MIAMI — Meyers Leonard is getting another chance at the NBA, nearly two years after he used an antisemitic slur while playing a video game that was being livestreamed.
A person with knowledge of the negotiations said Leonard and the Milwaukee Bucks have agreed on a 10-day contract, opening the door for the 7-foot center to play in an NBA game for the first time since January 2021. The person spoke to The Associated Press on condition of anonymity because the deal had not been announced.
ESPN first reported the agreement between Leonard and the Bucks.
Leonard’s career was jeopardized and his reputation was seriously damaged on March 8, 2021, when it was discovered that he used a slur while playing an online game as others watched on a livestream.
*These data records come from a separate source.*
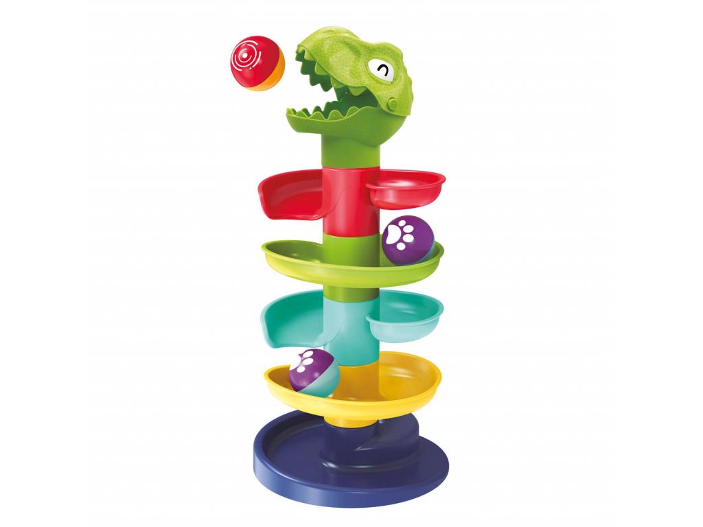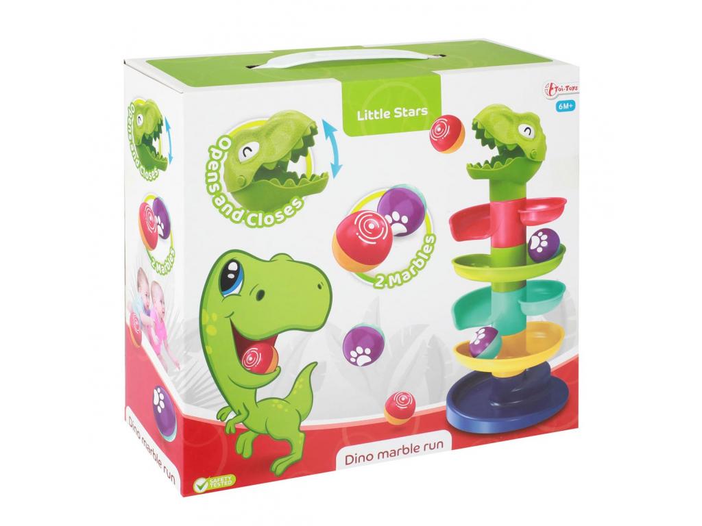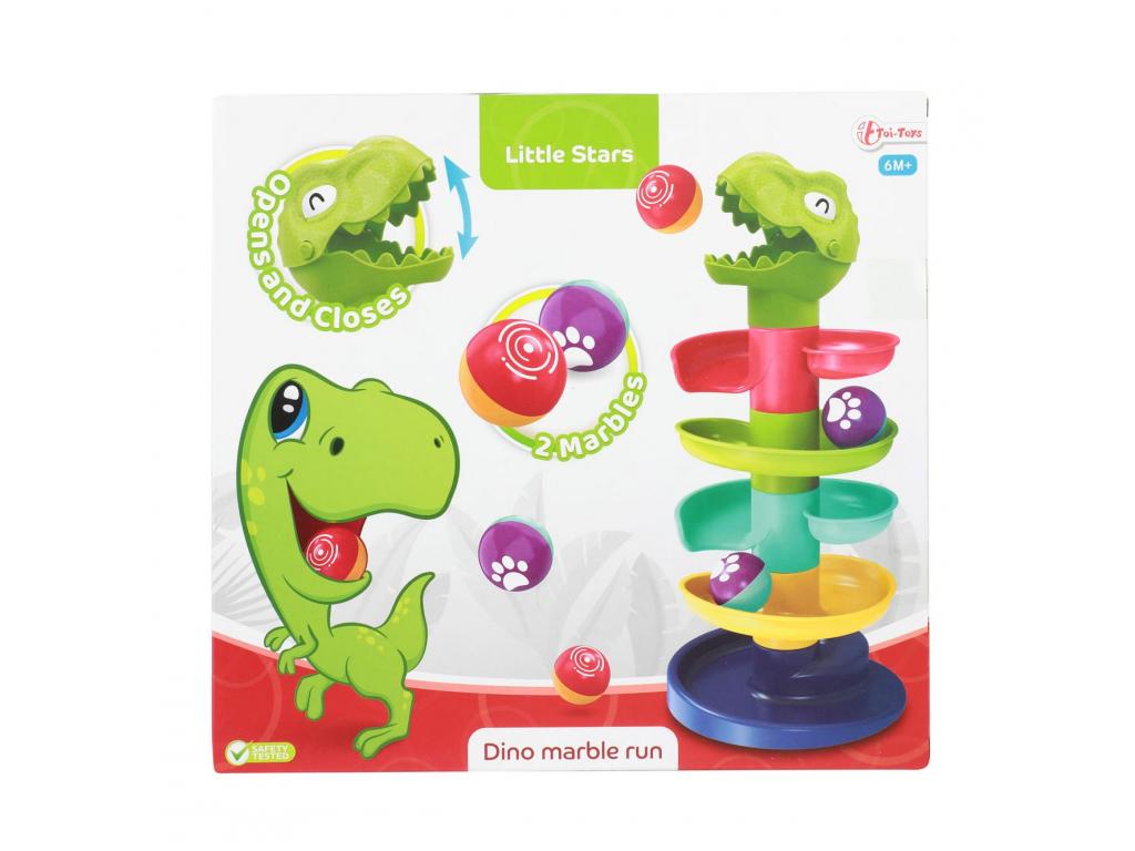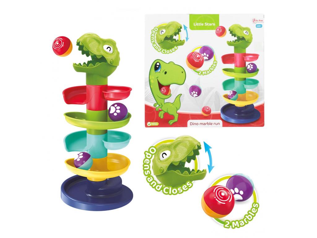 Szórakoztasd meg a kicsiket ezzel a szuper aranyos dinoszaurusz golyófutó toronnyal a Little Stars termékcsaládból. Kattintsd a 4 pályadarabot az alapra, és helyezd rá a dinoszaurusz fejet. Helyezd a golyókat egyenként a legmagasabb pontra, és nézd, ahogy együtt gurulnak lefelé. Fogadjunk, hogy a baba újra és újra látni akarja majd ezt! A színes, nyomtatott golyók két különböző felükkel rendelkeznek, ami különösen vonzó hatást kelt. Vagy rejts egy labdát a dinoszaurusz szájába. Vajon gyermeke tudja, hol van a labda, vagy ki meri venni? Rengeteg játék és felfedezés, miközben a kisgyermeked egyúttal a szem- és kézkoordinációját is edzi.
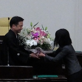市会事務局長が事務局を代表して御礼の言葉を述べ,事務局職員から花束を贈呈した後,寺田議長,湯浅副議長から退任にあたっての挨拶がありました。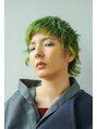 カットはベリーショートをベースにしたウルフスタイル。そこにクセのようなニュアンス感パーマをかけます。髪色は元々の根元は残しハイトーン部にライムグリーンをオンカラー[薬院/警固][ショートヘア][ハイトーンカラー][トリートメント][髪質改善][パーマ]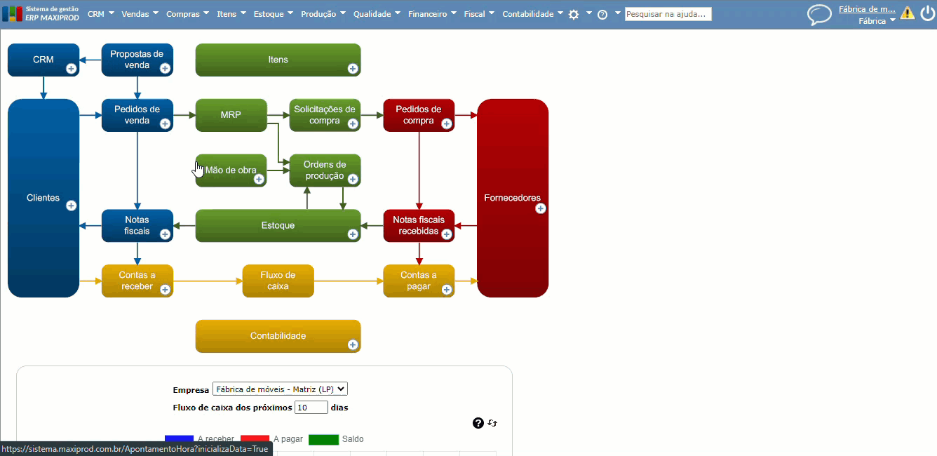 No ERP MAXIPROD, os insumos utilizados diretamente na produção são baixados para as ordens de produção OPs). Estas baixas incorporam o custo do insumo ao custo do produto em elaboração e, na conclusão da OP, o custo do produto em elaboração é agregado ao custo da quantidade concluída do produto.

The Heat told him to stay away from the team indefinitely, NBA Commissioner Adam Silver fined him $50,000 and Miami eventually traded him to Oklahoma City.
Leonard said then that he knew he’d used a bad term but was unaware of the term’s meaning. In an apology, he said, “my ignorance about its history and how offensive it is to the Jewish community is absolutely not an excuse and I was just wrong.” He immediately began scheduling meetings with Holocaust survivors, rabbis in South Florida and other community leaders.
That was the start of him spending much of the last two years trying to atone for what he did — almost all of it quietly, in a deliberate effort to quash any notion his work was simply done to get positive media coverage. He has spoken and worked with several Jewish groups on various things, put on a number of basketball camps for Jewish children and apologized countless times for what he said and his ignorance about what the term meant.
Leonard was not going to play in the remainder of that 2020-21 season after suffering a shoulder injury in January 2021, two months before the incident. He has since dealt with ankle and other issues but has been working toward an NBA return for months.